Task prompt:
Write out every record exactly as it appears. Skip the pictures.

[Records from a data collection]
****************************************

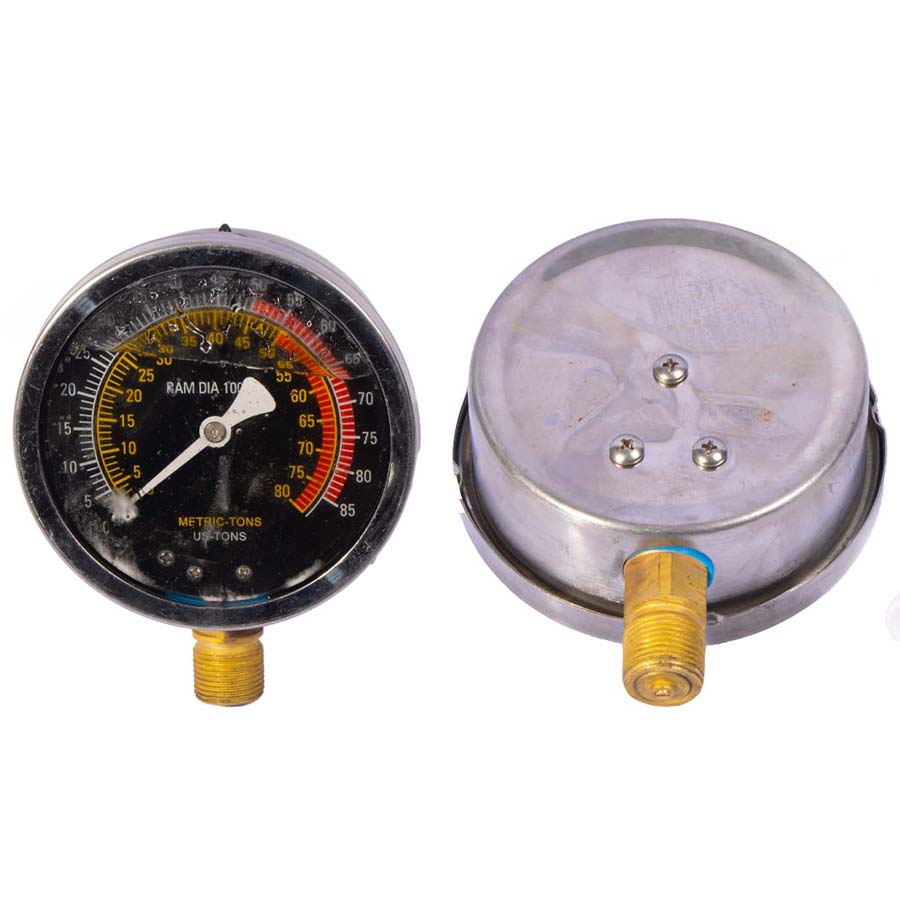 Манометр глицериновый. Обеспечивает высокую точность измерения и плавный ход стрелки без вибраций, за счет наполнения корпуса глицерином. Корпус изготовлен из нержавеющей стали, элементы измерительного механизма выполнены из меди. Особенности: Ударопрочный корпус. Увеличенный срок службы. Диапазоны измерений: Метрическая тонна / US Тонна. Размер резьбы: М20х1,5. Рабочее давление: 50т. Максимальное допустимое давление: 80т. Цена деления шкалы: 1т. Применяемость к прессам: SD0881
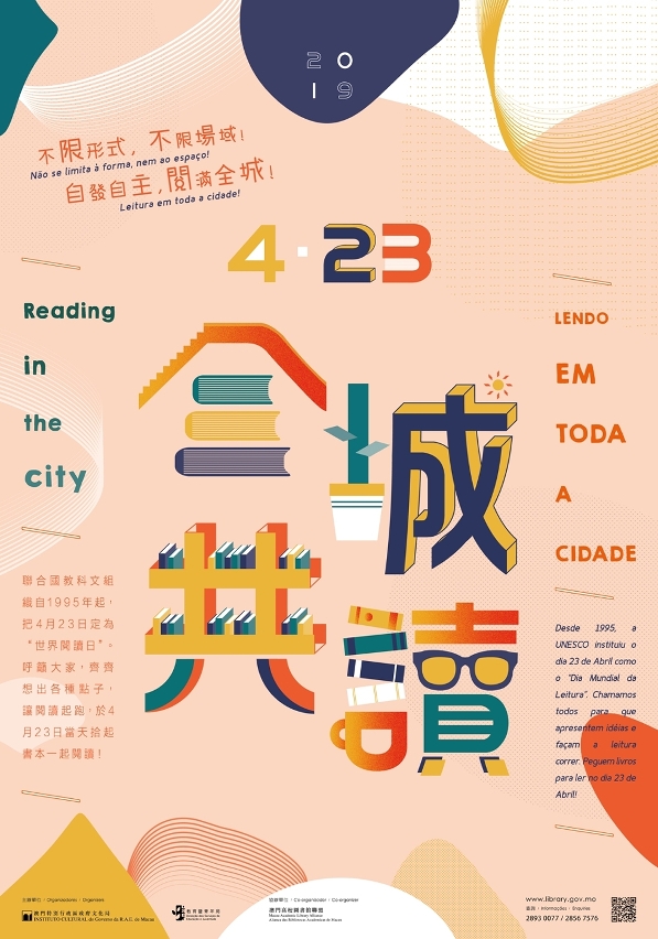 每年的4月23日為“世界閱讀日”。為持續推動社會閱讀風氣,培養閱讀習慣,文化局及教育暨青年局聯合主辦、澳門高校圖書館聯盟協辦之澳門首屆“4‧23全城共讀”活動將於今年4月23日舉行,主辦單位現正積極招募“共讀點”,歡迎有興趣的單位及人士報名參與。
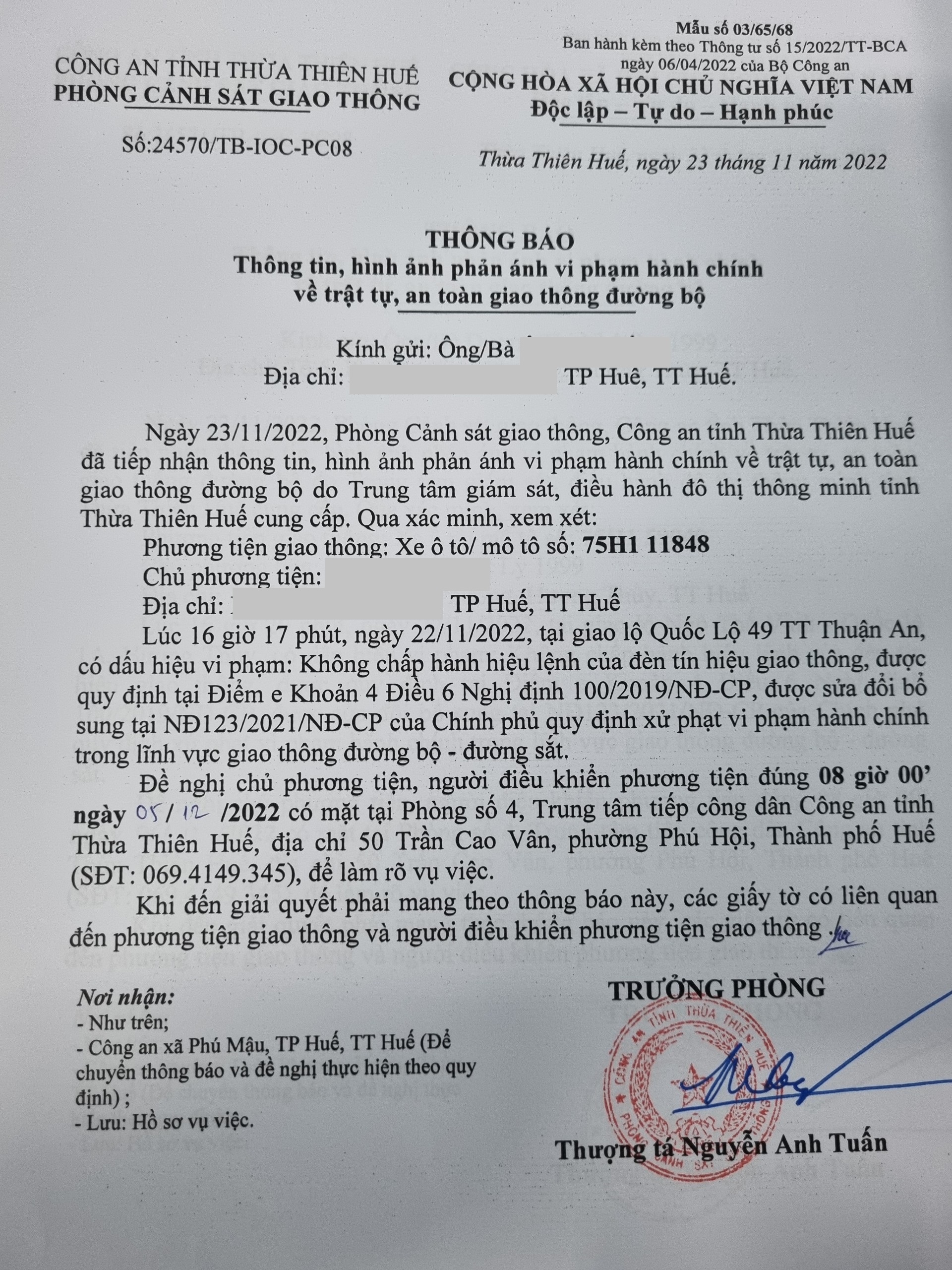 Vấn đề Ông/Bà phản ánh, Công an tỉnh đã chỉ đạo Phòng Cảnh sát giao thông xin thông báo kết quả xử lý như sau:
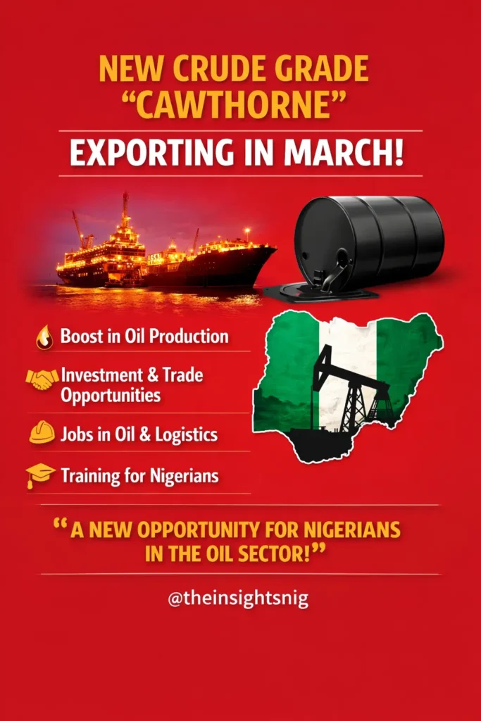 The Nigerian National Petroleum Company Limited has announced that Nigeria will begin exporting a new light, sweet crude grade called Cawthorne in March. This move aims to boost oil production, increase exports, and strengthen Nigeria’s position within the Organisation of the Petroleum Exporting Countries as it seeks higher production targets.
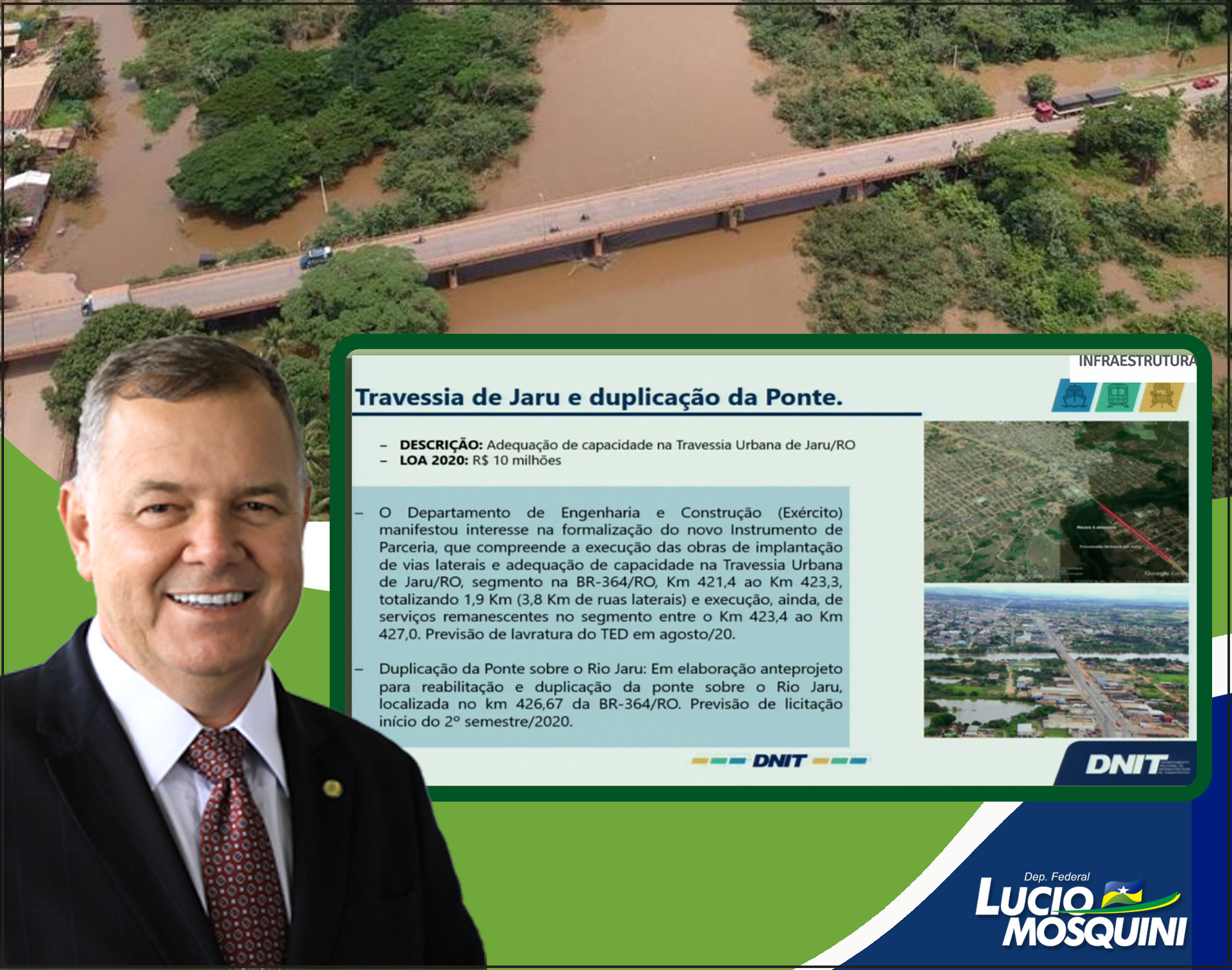 Ao falar sobre a duplicação da ponte sobre o Rio Jaru, o ministro Tarcísio garantiu que as obras devem iniciar no próximo ano e que o DNIT já dispõe de 10 milhões em caixa destinados por meio de emenda parlamentar do deputado Lucio Mosquini.
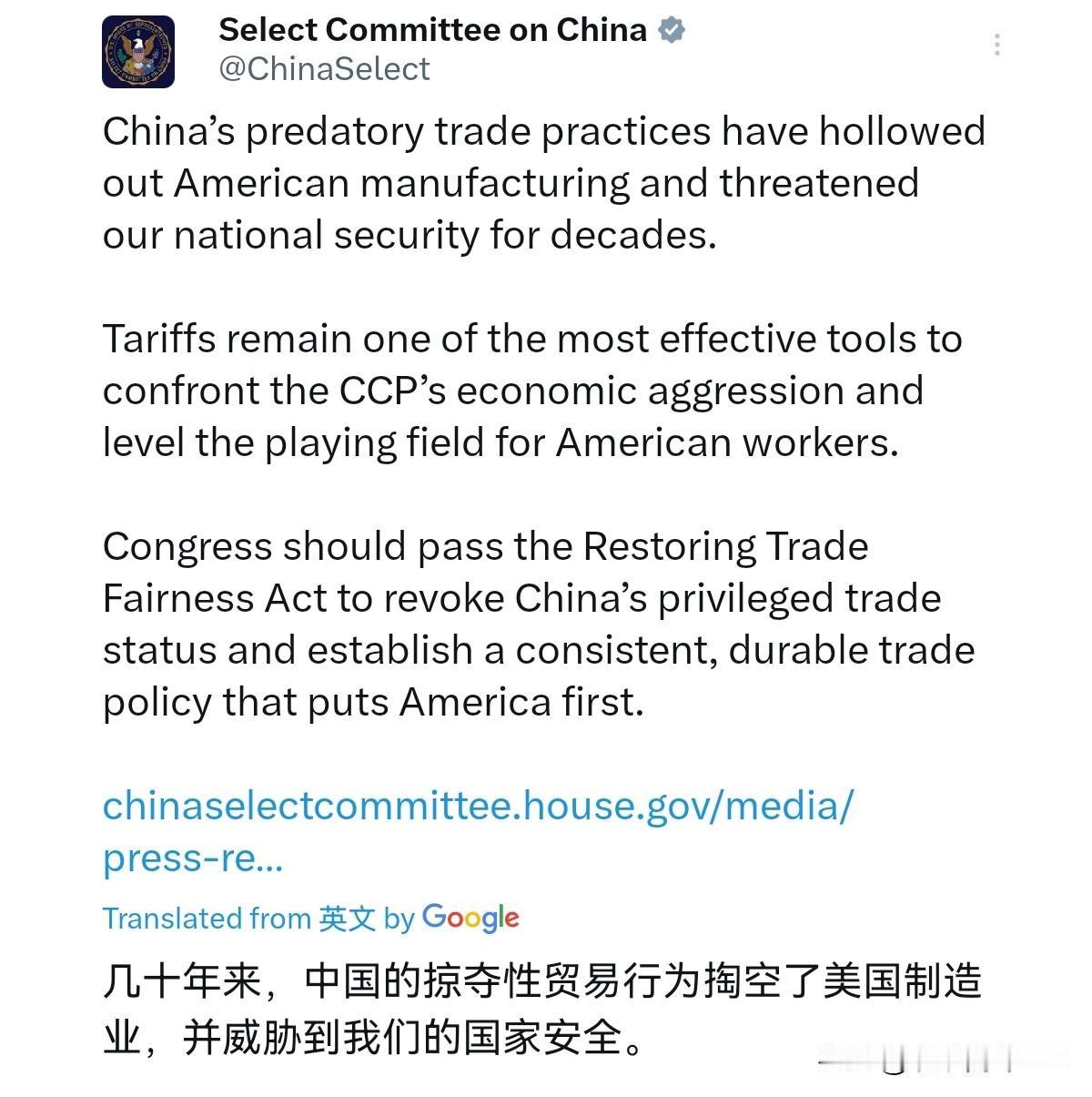 美国非常不满!2月21日,美国众议院中国问题委员会声称,几十年来,中国“掠夺性”的贸易行为掏空了美国制造业,威胁着我们的国家安全。关税仍然是对抗中国“经济侵略”和为美国工人创造公平竞争环境的最有效工具之一。美国国会应该通过《恢复贸易公平法案》,撤销中国的“贸易特权”地位,并制定一项始终如一、持久的、以美国为优先的贸易政策。 很显然,面对中国制造业竞争能力越来越强,美国对华鹰派对此感到非常的愤怒。这些对华鹰派声称中国是“掠夺性”的贸易行为,是“经济侵略”,那请问这具体指的是什么呢?难道中国强迫美国购买中国的产品了吗?中美进行贸易往来,本质上不就是双方企业、市场、消费者共同选择的结果吗?这何来掠夺? 美国制造业空心化,根源在自身产业政策、资本逐利、全球化分工,是美国企业为了追求更低成本、更高利润,主动把生产线外迁。现在美国自己内部出问题了,美国一点都不从自己身上找原因,而是把所有的问题推到我们身上,这样的甩锅行为,我们当然不会接受。中国享有的权力,并不是特权,而是WTO框架下的正当权力。如果美国再次挑起贸易争端,那我们必然也会对美国进行反制。
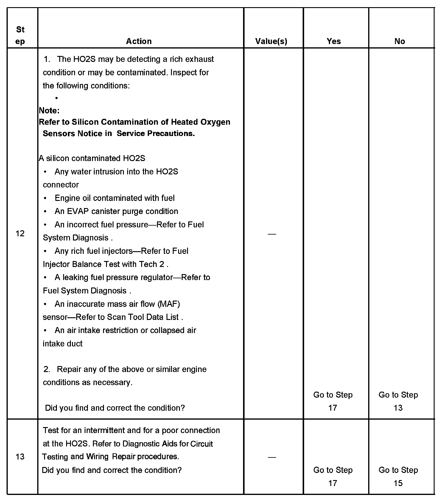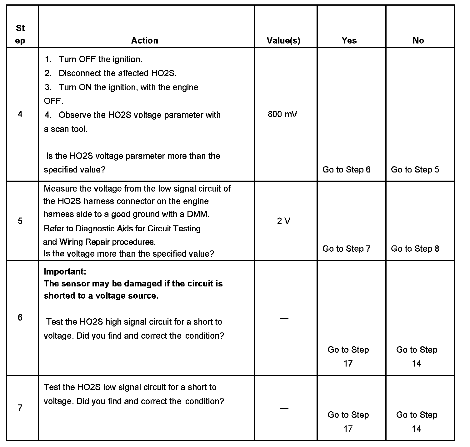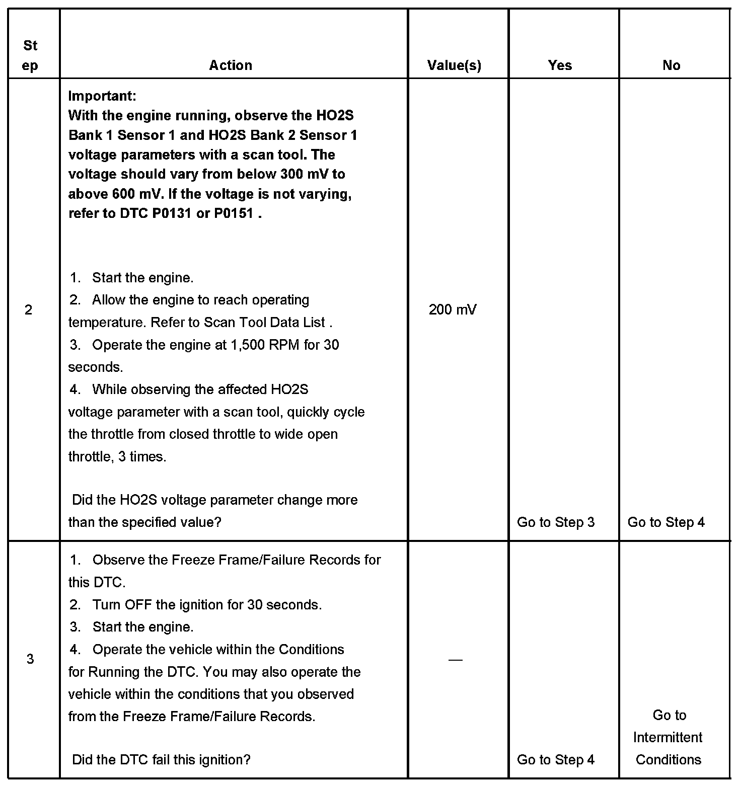 2. If the voltage does not change more that the specified value, the condition is present.
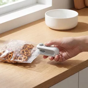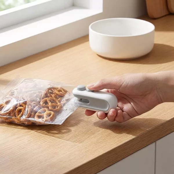 Ho comprato il mini sigillatore per la mia mamma anziana. Fa merenda lentamente e ora le sue patatine e i cracker restano croccanti senza bisogno di ingombranti set di mollette.

****************************************

Written answer:
 Манометр глицериновый. Обеспечивает высокую точность измерения и плавный ход стрелки без вибраций, за счет наполнения корпуса глицерином. Корпус изготовлен из нержавеющей стали, элементы измерительного механизма выполнены из меди. Особенности: Ударопрочный корпус. Увеличенный срок службы. Диапазоны измерений: Метрическая тонна / US Тонна. Размер резьбы: М20х1,5. Рабочее давление: 50т. Максимальное допустимое давление: 80т. Цена деления шкалы: 1т. Применяемость к прессам: SD0881
 每年的4月23日為“世界閱讀日”。為持續推動社會閱讀風氣,培養閱讀習慣,文化局及教育暨青年局聯合主辦、澳門高校圖書館聯盟協辦之澳門首屆“4‧23全城共讀”活動將於今年4月23日舉行,主辦單位現正積極招募“共讀點”,歡迎有興趣的單位及人士報名參與。
 Vấn đề Ông/Bà phản ánh, Công an tỉnh đã chỉ đạo Phòng Cảnh sát giao thông xin thông báo kết quả xử lý như sau:
 The Nigerian National Petroleum Company Limited has announced that Nigeria will begin exporting a new light, sweet crude grade called Cawthorne in March. This move aims to boost oil production, increase exports, and strengthen Nigeria’s position within the Organisation of the Petroleum Exporting Countries as it seeks higher production targets.
 Ao falar sobre a duplicação da ponte sobre o Rio Jaru, o ministro Tarcísio garantiu que as obras devem iniciar no próximo ano e que o DNIT já dispõe de 10 milhões em caixa destinados por meio de emenda parlamentar do deputado Lucio Mosquini.
 美国非常不满!2月21日,美国众议院中国问题委员会声称,几十年来,中国“掠夺性”的贸易行为掏空了美国制造业,威胁着我们的国家安全。关税仍然是对抗中国“经济侵略”和为美国工人创造公平竞争环境的最有效工具之一。美国国会应该通过《恢复贸易公平法案》,撤销中国的“贸易特权”地位,并制定一项始终如一、持久的、以美国为优先的贸易政策。 很显然,面对中国制造业竞争能力越来越强,美国对华鹰派对此感到非常的愤怒。这些对华鹰派声称中国是“掠夺性”的贸易行为,是“经济侵略”,那请问这具体指的是什么呢?难道中国强迫美国购买中国的产品了吗?中美进行贸易往来,本质上不就是双方企业、市场、消费者共同选择的结果吗?这何来掠夺? 美国制造业空心化,根源在自身产业政策、资本逐利、全球化分工,是美国企业为了追求更低成本、更高利润,主动把生产线外迁。现在美国自己内部出问题了,美国一点都不从自己身上找原因,而是把所有的问题推到我们身上,这样的甩锅行为,我们当然不会接受。中国享有的权力,并不是特权,而是WTO框架下的正当权力。如果美国再次挑起贸易争端,那我们必然也会对美国进行反制。
 2. If the voltage does not change more that the specified value, the condition is present.
 Ho comprato il mini sigillatore per la mia mamma anziana. Fa merenda lentamente e ora le sue patatine e i cracker restano croccanti senza bisogno di ingombranti set di mollette.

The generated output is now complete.